3.9 Role of sRNAs in sex determination
Aryal et al. (2014) analyzed small non-coding RNAs (sRNA) in the libraries prepared from female, male and
hermaphrodite flowers of papaya. sRNA plays an significant role in gene silencing and DNA methylation,
suggesting its involvement in sex differentiation in plants. lllumina libraries were made from the floral male, female,
and hermaphrodite papaya plants for the study of sRNA reads. A total of 29 micro RNAs (miRNAs) were detected
using these sRNA reads. In one library, a total of 65 miRNAs (34 new and 31 conserved miRNAs) were identified.
From these miRNAs, only 14 miRNAswere differentially expressed among male, female and hermaphrodite
flowers. Six miRNAs (miR160, miR167a, miR167b, miR169 and miR393) were expressed higher in papaya male
flowers that regulate the genes in auxin signaling pathway which indicates that auxin plays a main role in carpel
development. Two miRNAs (miR159 and miR166) were expressed higher in female flowers, which played an
important role in regulating the genes responsible for floral meristem identity and the embryo patterning. Four
miRNAs (miR156a, miR156b, miR168b and miR_novel_39) were expressed higher in hermaphrodite and male
flowers. Two miRNAs (miR171 and miR394) were expressed higher in female and male flowers. The results
indicate potential role of these sRNAs in papaya sex determination.

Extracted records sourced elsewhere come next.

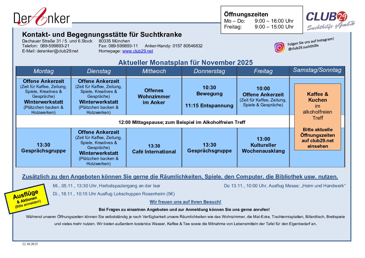 SuchthilfeWer eine Struktur für den Tag sucht, einen Anlaufpunkt, der zurückbringt ins Leben, ist im Anker genau richtig. Der Anker ist eine Kontakt- und Begegnungsstätte und offen für alle. Ohne Anmeldung, ohne Formulare, ohne Verpflichtung und ohne Kosten.
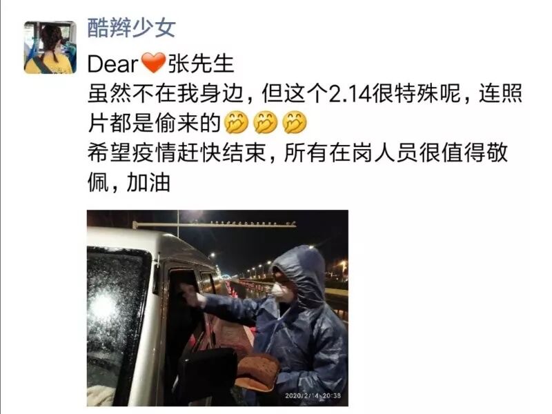 这天还是情人节,张震在风雪中值守,顾不上给女友段雪珂说一声节日快乐,同为口腔医院医生、在单位参加疫情防控值班的段雪珂在微信里只能从医院宣传中“偷”来一张照片,写道,这个2.14很特殊,希望疫情赶快结束,加油。
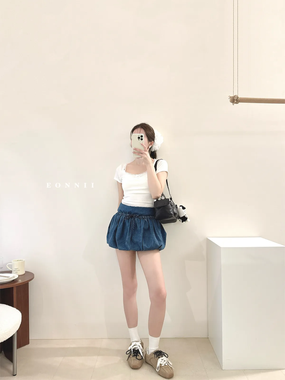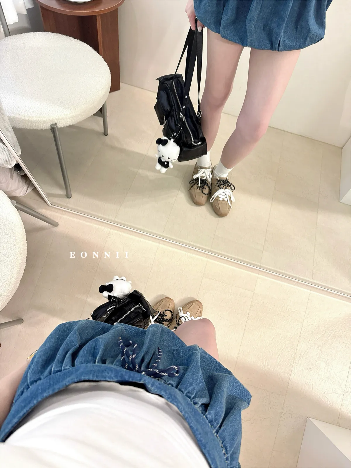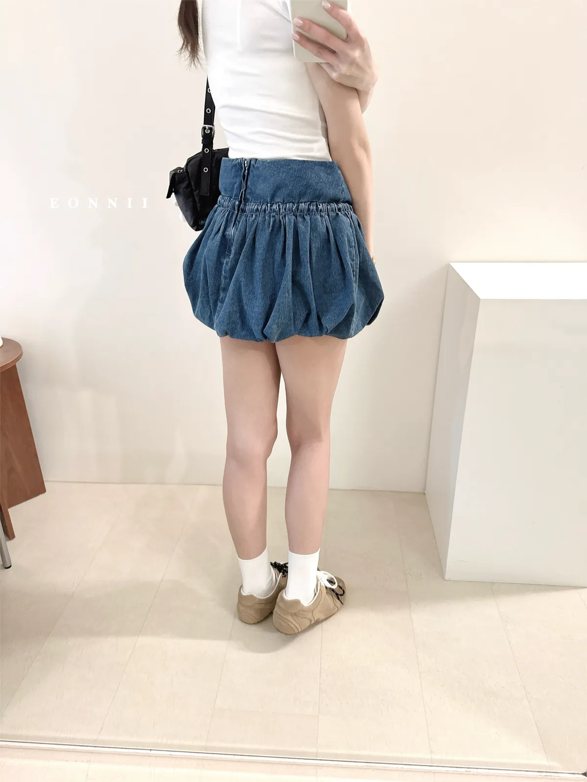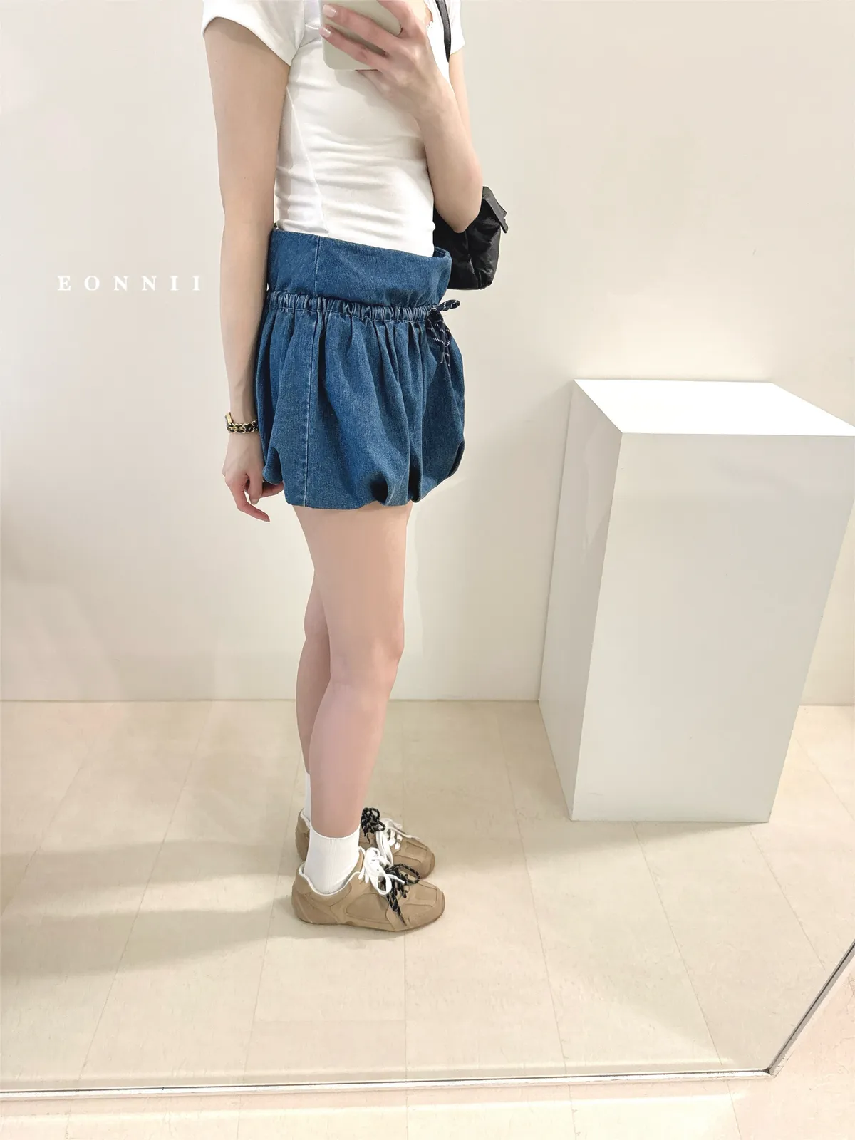 #下單前請查看購買須知、售後服務 可接受在下單❗️ *牛仔布料味道偏重 版型:無彈性//腰後拉鍊//綁結可調整鬆緊//褲型內裡 厚度:薄 材質:牛仔 📷闆娘:165/48 這款穿S號微鬆 商品照片闆娘實穿實拍 每人身形胖瘦部位不同,建議參考商品平量尺寸
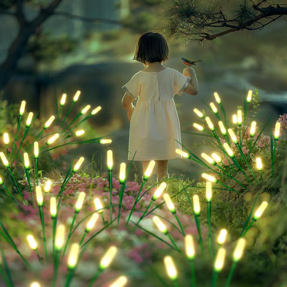 The stems and leaves of the lamp are made of green ABS plastic, the realistic reed shape design can be well integrated into the garden path.
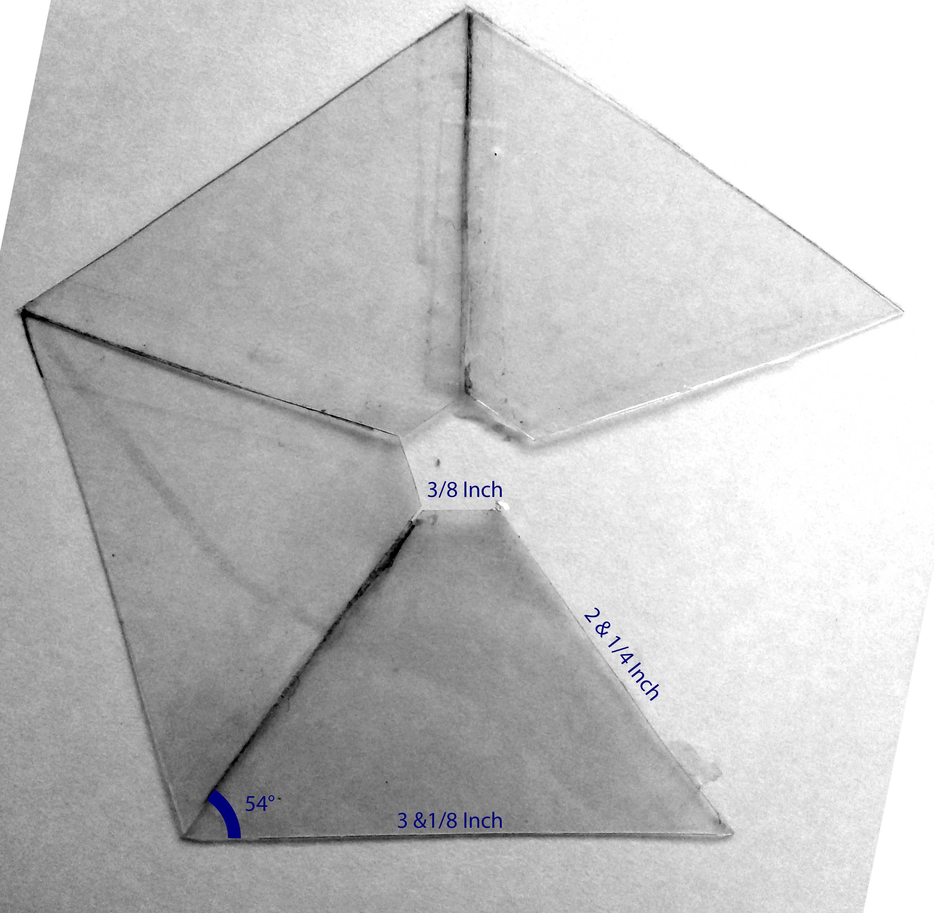 I created my first two pyramids by cutting up a thick plastic food container. I used a paper template, scotch tape and scissors to do the assembly. The first pyramid was poorly sized, too big for a phone. The second collapses nicely but is not especially stable, a little tape closing the bottom of the pyramid helps with stability and getting the pyramid to stick to the phone. Regular plastic seems sufficiently reflective, but a dark background is a requirement for viewing.

4 Papaya Genome Sequencing
A draft genome sequence of papaya was generated from a SunUP female plant using the whole-genome shotgun
approach with Sanger method. It was assembled into 271Mb contigs and unassembled portion may contain
repetitive sequences. Papaya genome contains 24,476 genes with average gene length 2,373 bp. Total 35.5% GC
content is present in the genome and average intron length is 479 bp (Ming et al., 2008). Papaya genome sequences
could be is a valuable source to study the mechanism of sex determination at molecular level.
5 Methods for Identification of Sex Types
Papaya sex identification at early plant development stage has been a problem since long back which led to the
researchers to develop many marker techniques such as, (1) morphology based, (2) biochemical markers, (3)
polymerase chain reaction (PCR)-based markers and (4) sequencing-based markers (Figure 3). Morphological
methods differentiate the sex types on the basis of traits such as leaf or root morphology, rate of growth and seed
coat color etc. (Reddy et al., 2012; Demandante et al., 2014). Several other cytological methods (Datta, 1971) and
Isozyme (biochemical) markers have been used for sex type identification (Sriprasertsak et al., 1988). Molecular
markers are divided into two types (i) PCR-based molecular markers and (ii) sequence-based molecular markers.
PCR based molecular markers includes: (a) Random amplified polymorphic DNA (RAPD), (b) AFLP, (c) Inter
simple sequence repeat (ISSR), and sequence-based molecular markers includes (a) simple sequence repeats
(SSR), and (b) single nucleotide polymorphism (SNP).